Succession of Zebriska

44 So. 893, 119 La. 1076, 1907 La. LEXIS 596
CourtSupreme Court of Louisiana
DecidedNovember 4, 1907
DocketNo. 16,489
StatusPublished
Cited by21 cases

This text of 44 So. 893 (Succession of Zebriska) is published on Counsel Stack Legal Research, covering Supreme Court of Louisiana primary law. Counsel Stack provides free access to over 12 million legal documents including statutes, case law, regulations, and constitutions.

Bluebook
Succession of Zebriska, 44 So. 893, 119 La. 1076, 1907 La. LEXIS 596 (La. 1907).

Opinion

PROVOSTY, J.

An adjudication was made, at judicial sale in the succession of Odelie Zebriska, of squares 117 and 124 and of 24 lots of square 116, in the town of Harlem, parish of Jefferson, at the upper boundary of the city of New Orleans; and, the adjudicatee having refused to accept title, the present proceeding was brought to compel him to do so. His ground of refusal is that, so far as appears from the public records, the property belongs to the city of New Orleans; there being of record an act of sale of it to the city by Wm. Zebriska, the former owner of record, of date March 25,1862, and nothing to show that the title thus conveyed has ever been divested. The city filed an intervention, claiming title by virtue of said sale. Against the city the succession of Odelie Zebriska pleads the prescriptions of 1 and 30 years.

For supporting the 30 years’ prescription counsel for plaintiff in rule was proceeding to offer proof of the 30 years’, possession as owner when counsel for the city interrupted him, saying that there was no dispute as to the facts; that the city admitted that Ode-lie Zebriska had had uninterrupted physical possession of the property since 1866; that there was only a question of law in the ease.
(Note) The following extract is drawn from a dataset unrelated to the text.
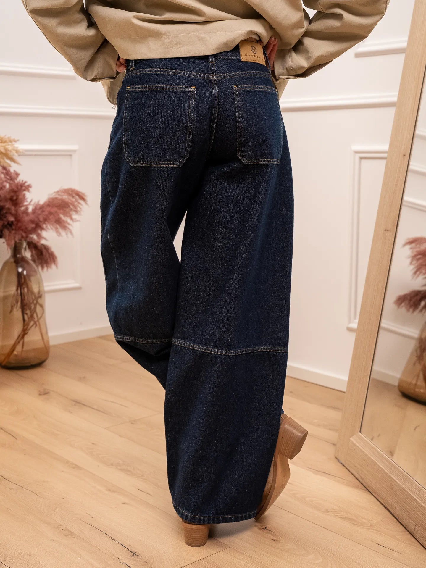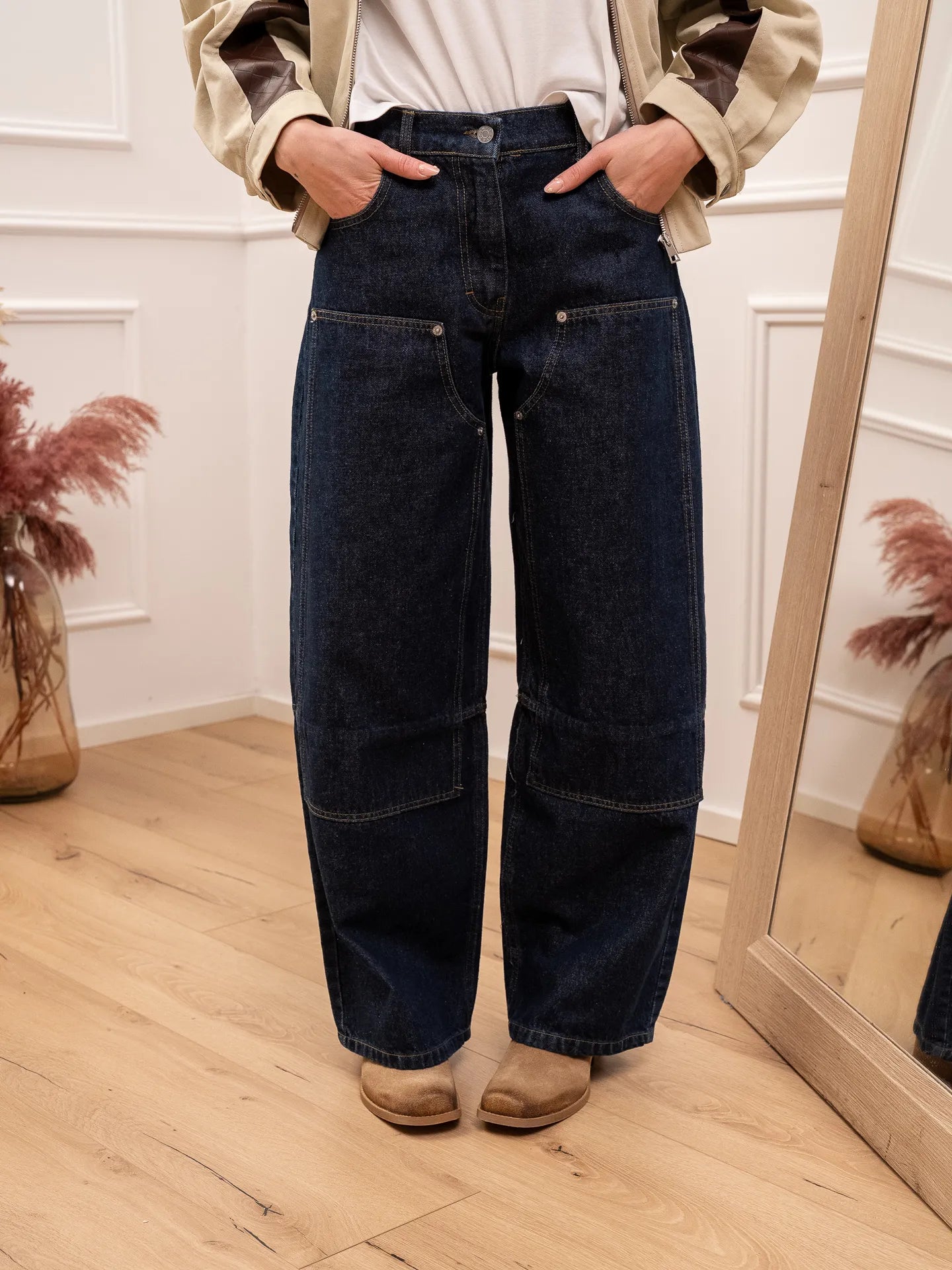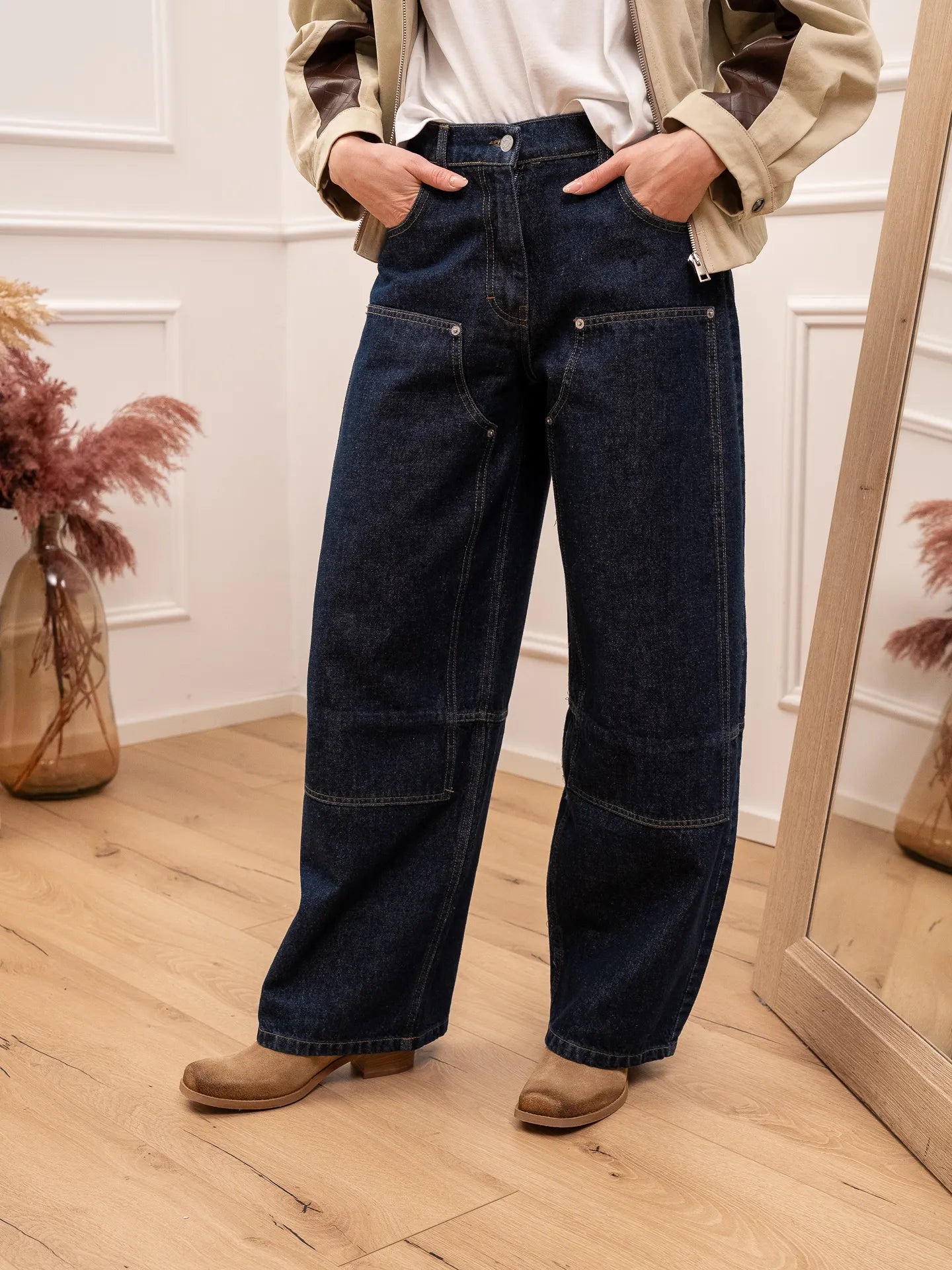 Jeans blu scuro HaveOne. Modello fit gamba ampia a vita medio bassa. Dettaglio di impunture frontali e cuciture camel a contrasto.

Counsel did not say what that question of law was, but a question of law had been stated in the petition of intervention to the following effect, namely: That Odelie Zebriska, by reason of her warranty as heir of her father, Wm. Zebriska, the city’s vendor, was estopped from pretending to possession as against the city, and that therefore her possession, no matter how much it may have been as a matter of fact for herself, had to be held to have been as a matter of law for the city, and hence that the city, and not she, had been in possession of the property during her occupancy of it. [1079]*1079That contention derives some color from the declaration of article 2476, Civ. Code, that “the object of warranty is the buyer’s peaceable possession” of the thing sold. The obligation of maintaining the vendee in peaceable possession would seem to be inconsistent with any attempt on the part of the vendor to dispossess the vendee and keep him out of possession during the prescriptive period. But this article 2476 must be read in conjunction with article 2502:

“That warranty should have existence it is necessary that the right of the person evicting should have existed before the sale.”
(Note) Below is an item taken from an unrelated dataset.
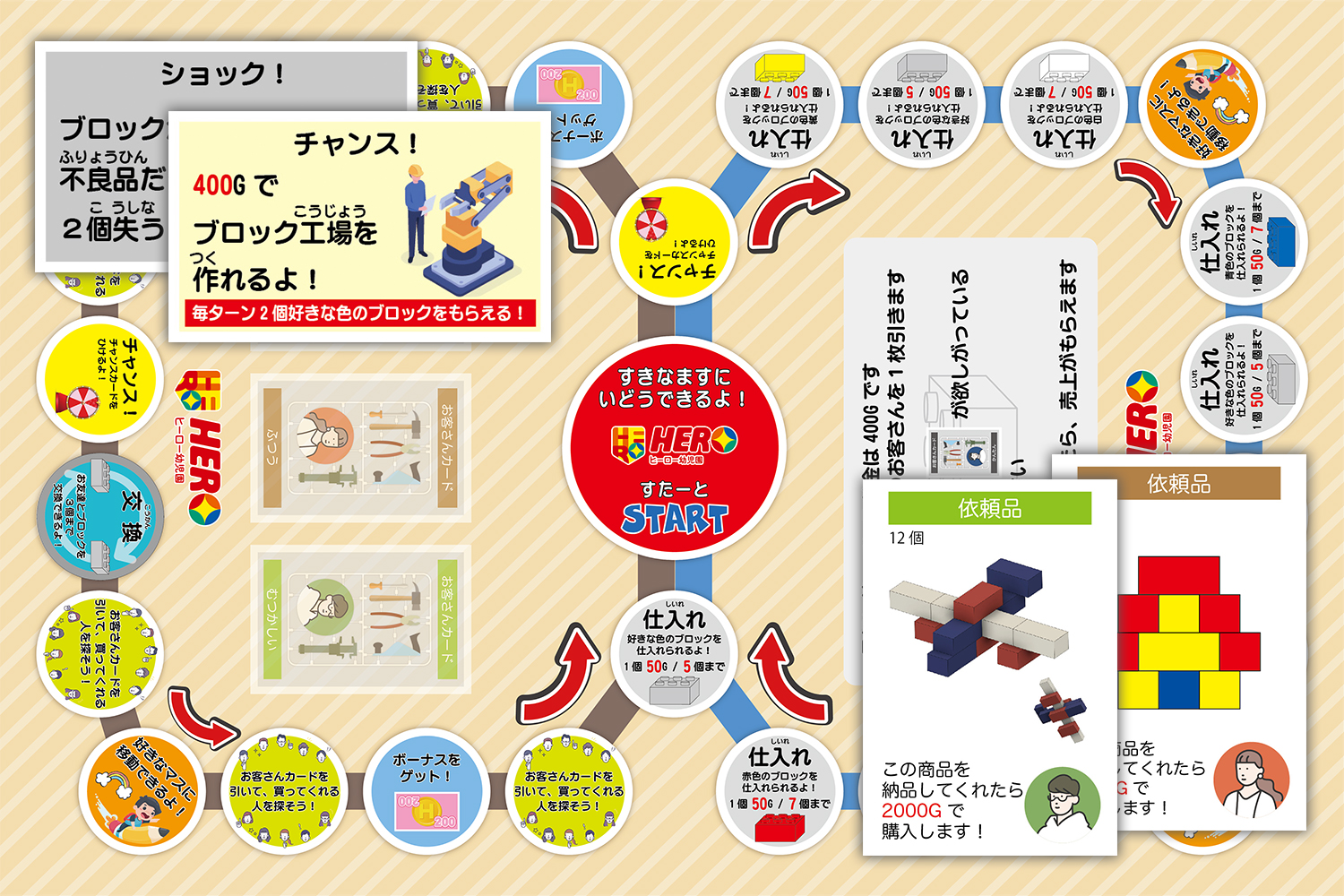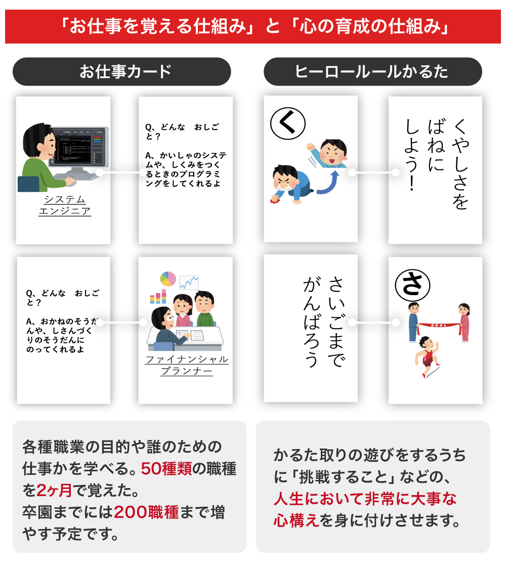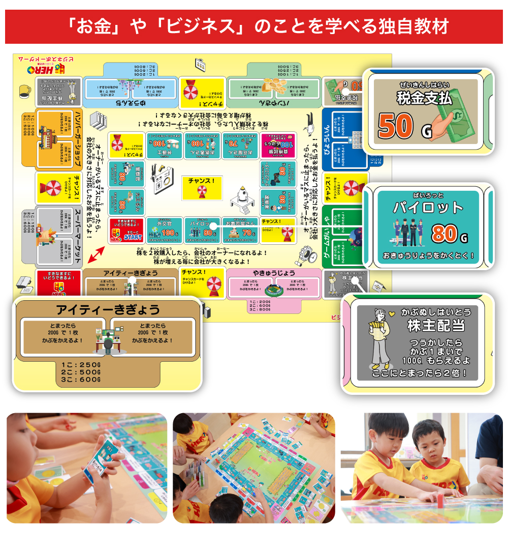 子供達が楽しみながら学習できるよう、オリジナルの「お仕事ボードゲーム」や「ヒーロールールかるた」等、独自の教材を開発・活用しています。

In other words, so long as no one gainsays the perfect validity of the title conveyed, there can be no question of warranty. From this the conclusion is unavoidable that where the vendor, without disputing the perfect validity of the title which he has conveyed, and without in any way pretending to title, seeks to reacquire by prescription the property he has sold, and to that end takes possession of it, as any other trespasser might do, there • can be no question of warranty. Doubtless such a proceeding would be morally wrong, just as it is morally wrong for the trespasser to oust the true owner by violence and hold possession by force; but the prescription of 10 years for movables and 30 years for immovables dispenses with good faith — extends the shield of its protection as readily over the trespasser and the thief as over the honest possessor. And, besides, the moral wrong is not greater for the vendor, while keeping the price, to seek to reacquire the property by prescription, than it is for the purchaser, while keeping the property, to use the same means for avoiding payment of the notes he has given for the price.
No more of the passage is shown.